▶ **TASK PROMPT**: Below, find the line containing "White romperCute summer" and the line containing "入户玄关道为长廊型的,靠墙整"; reproduce exactly those two and every line between them, omitting pictures.

▶ **DATA**:
----------------

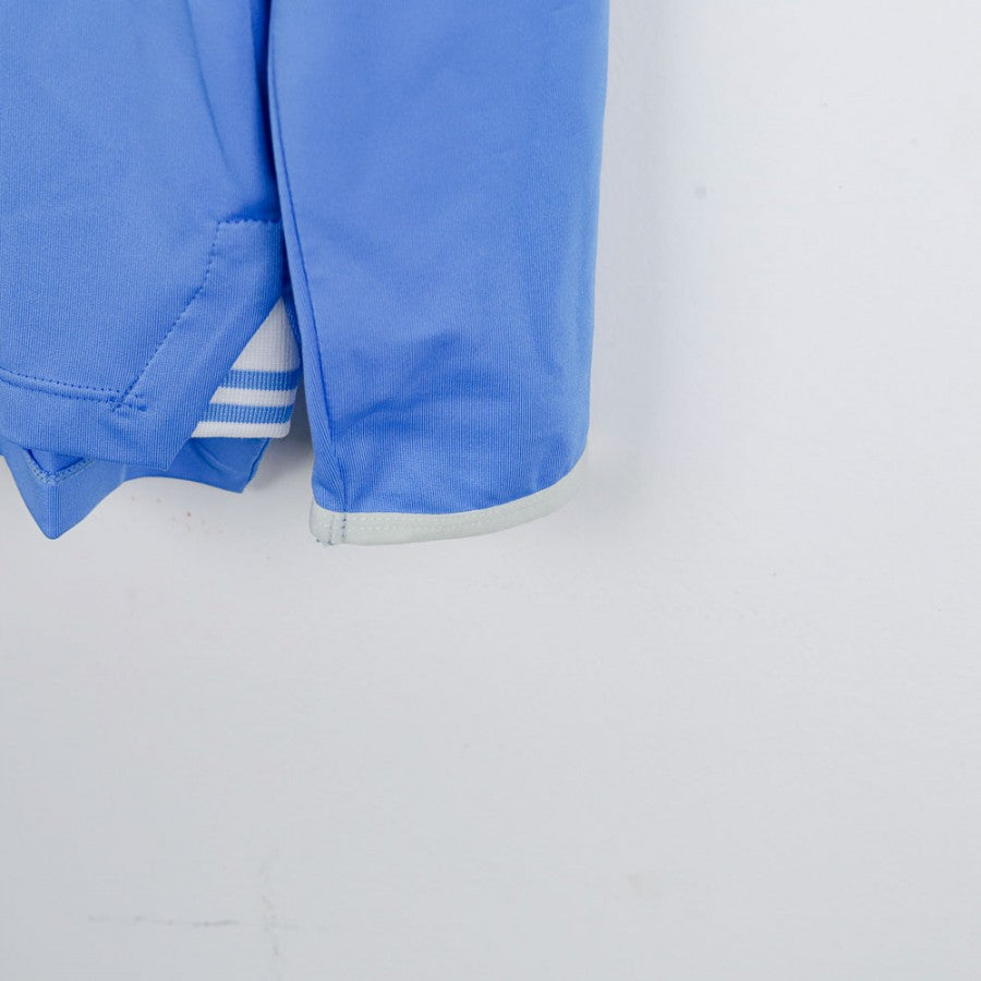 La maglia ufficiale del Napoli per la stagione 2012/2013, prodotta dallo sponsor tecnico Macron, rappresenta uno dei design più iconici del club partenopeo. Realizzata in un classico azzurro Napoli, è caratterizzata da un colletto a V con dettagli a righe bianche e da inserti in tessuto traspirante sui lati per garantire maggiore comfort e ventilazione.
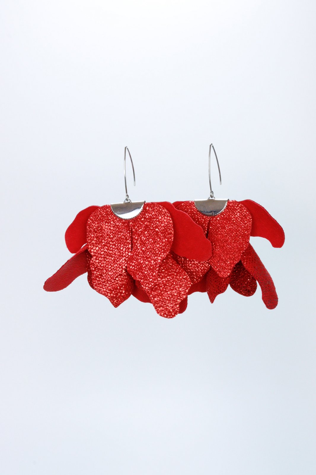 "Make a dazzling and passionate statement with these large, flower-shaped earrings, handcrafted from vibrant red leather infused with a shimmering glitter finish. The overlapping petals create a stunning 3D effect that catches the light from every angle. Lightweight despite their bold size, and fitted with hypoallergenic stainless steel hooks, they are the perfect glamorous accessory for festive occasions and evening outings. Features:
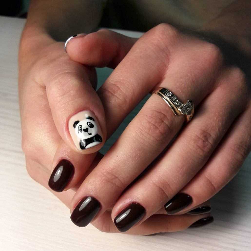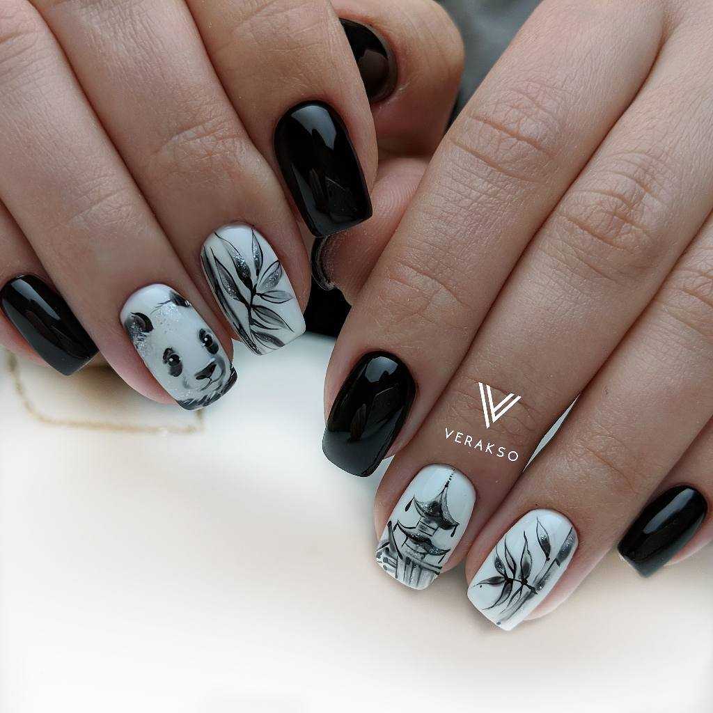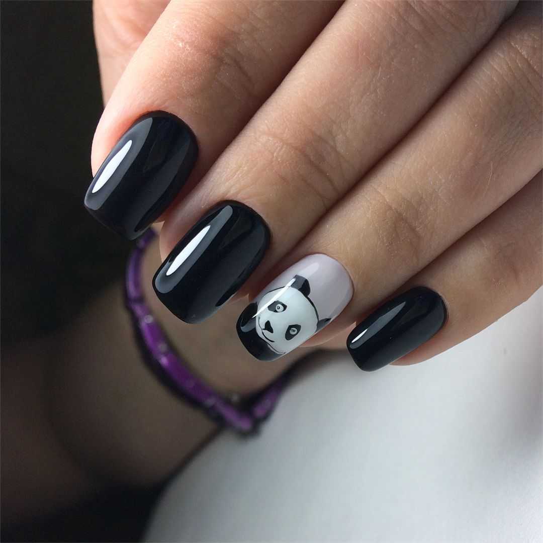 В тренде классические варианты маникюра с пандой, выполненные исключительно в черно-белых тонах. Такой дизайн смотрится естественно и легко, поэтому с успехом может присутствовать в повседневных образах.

----------------

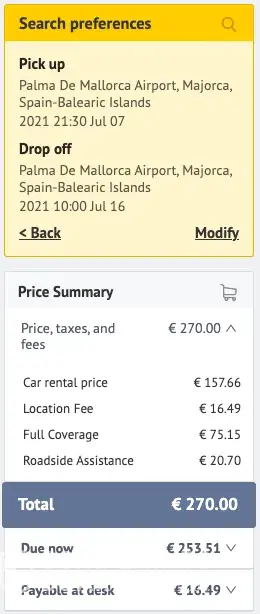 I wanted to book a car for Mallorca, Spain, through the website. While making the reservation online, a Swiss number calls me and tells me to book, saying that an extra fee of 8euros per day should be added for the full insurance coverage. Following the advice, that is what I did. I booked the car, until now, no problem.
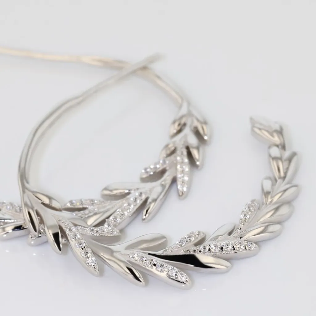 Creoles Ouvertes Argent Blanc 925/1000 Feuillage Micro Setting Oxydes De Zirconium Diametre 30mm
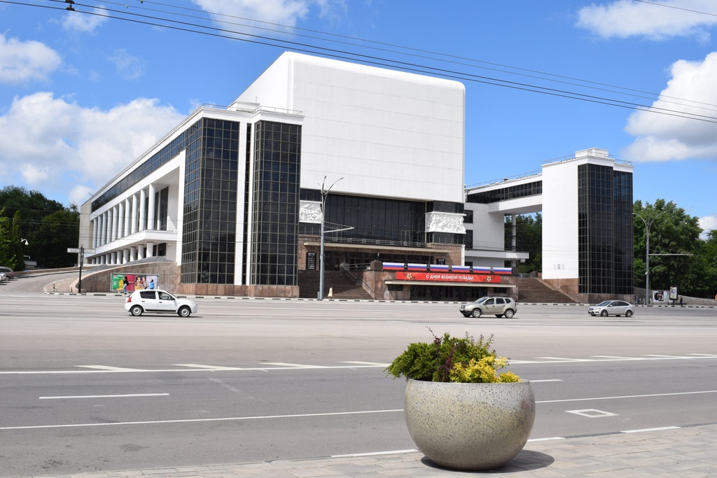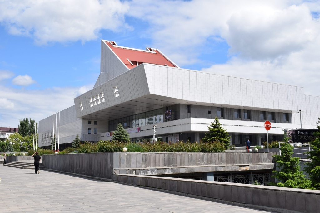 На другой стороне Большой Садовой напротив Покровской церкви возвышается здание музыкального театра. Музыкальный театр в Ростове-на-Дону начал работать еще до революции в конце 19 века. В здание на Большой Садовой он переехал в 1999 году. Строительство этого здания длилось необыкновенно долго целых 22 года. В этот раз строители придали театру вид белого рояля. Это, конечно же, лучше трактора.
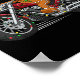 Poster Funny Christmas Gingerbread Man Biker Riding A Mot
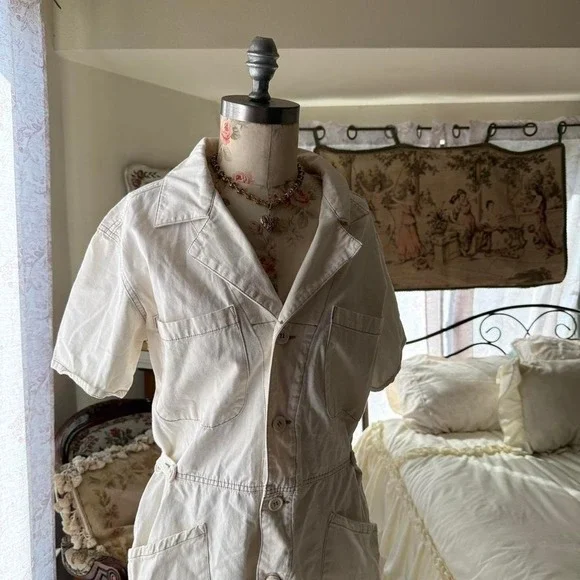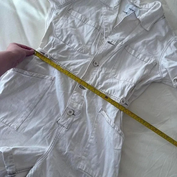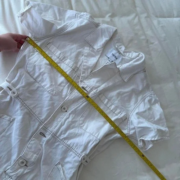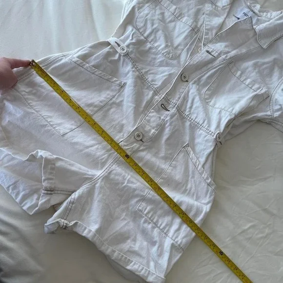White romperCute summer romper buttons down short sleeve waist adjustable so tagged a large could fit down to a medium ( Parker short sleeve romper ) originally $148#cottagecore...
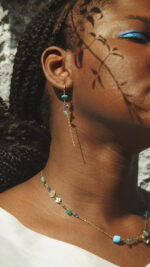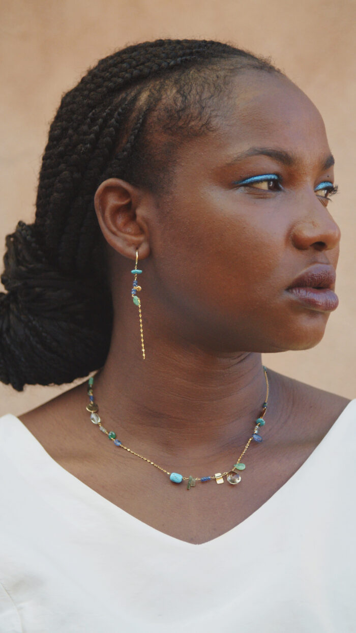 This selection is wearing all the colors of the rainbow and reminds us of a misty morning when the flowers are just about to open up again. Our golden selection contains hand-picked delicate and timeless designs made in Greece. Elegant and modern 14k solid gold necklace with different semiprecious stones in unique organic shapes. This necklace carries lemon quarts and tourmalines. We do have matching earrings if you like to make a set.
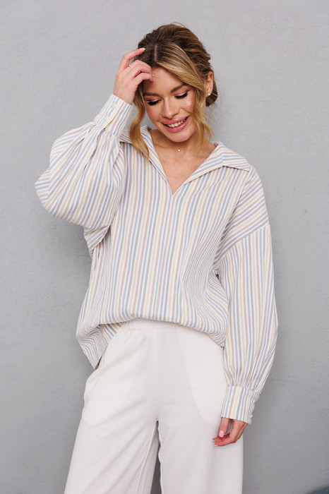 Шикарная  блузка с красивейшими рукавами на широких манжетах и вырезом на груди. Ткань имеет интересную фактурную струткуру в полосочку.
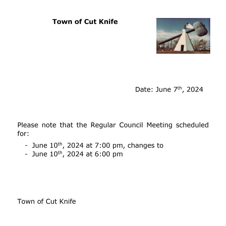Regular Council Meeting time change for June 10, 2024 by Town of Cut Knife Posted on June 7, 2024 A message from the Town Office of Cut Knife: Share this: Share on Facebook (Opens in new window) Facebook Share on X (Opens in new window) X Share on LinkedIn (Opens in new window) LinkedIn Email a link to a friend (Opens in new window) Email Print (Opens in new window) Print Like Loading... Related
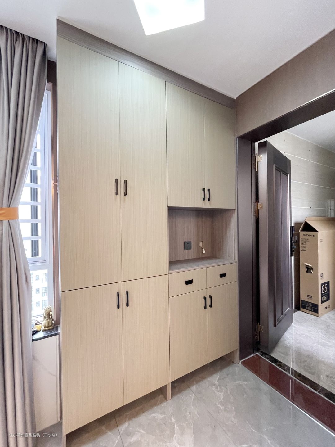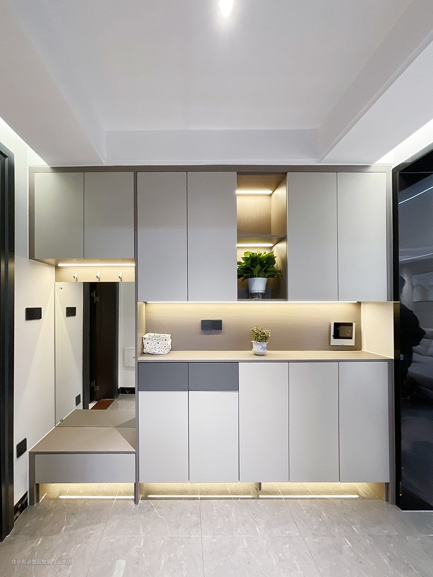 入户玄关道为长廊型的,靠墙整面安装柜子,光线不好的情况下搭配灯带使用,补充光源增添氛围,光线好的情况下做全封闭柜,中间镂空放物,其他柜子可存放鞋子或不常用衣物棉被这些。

----------------

▶ **SOLVED EXERCISE**:
White romperCute summer romper buttons down short sleeve waist adjustable so tagged a large could fit down to a medium ( Parker short sleeve romper ) originally $148#cottagecore...
 This selection is wearing all the colors of the rainbow and reminds us of a misty morning when the flowers are just about to open up again. Our golden selection contains hand-picked delicate and timeless designs made in Greece. Elegant and modern 14k solid gold necklace with different semiprecious stones in unique organic shapes. This necklace carries lemon quarts and tourmalines. We do have matching earrings if you like to make a set.
 Шикарная  блузка с красивейшими рукавами на широких манжетах и вырезом на груди. Ткань имеет интересную фактурную струткуру в полосочку.
Regular Council Meeting time change for June 10, 2024 by Town of Cut Knife Posted on June 7, 2024 A message from the Town Office of Cut Knife: Share this: Share on Facebook (Opens in new window) Facebook Share on X (Opens in new window) X Share on LinkedIn (Opens in new window) LinkedIn Email a link to a friend (Opens in new window) Email Print (Opens in new window) Print Like Loading... Related
 入户玄关道为长廊型的,靠墙整面安装柜子,光线不好的情况下搭配灯带使用,补充光源增添氛围,光线好的情况下做全封闭柜,中间镂空放物,其他柜子可存放鞋子或不常用衣物棉被这些。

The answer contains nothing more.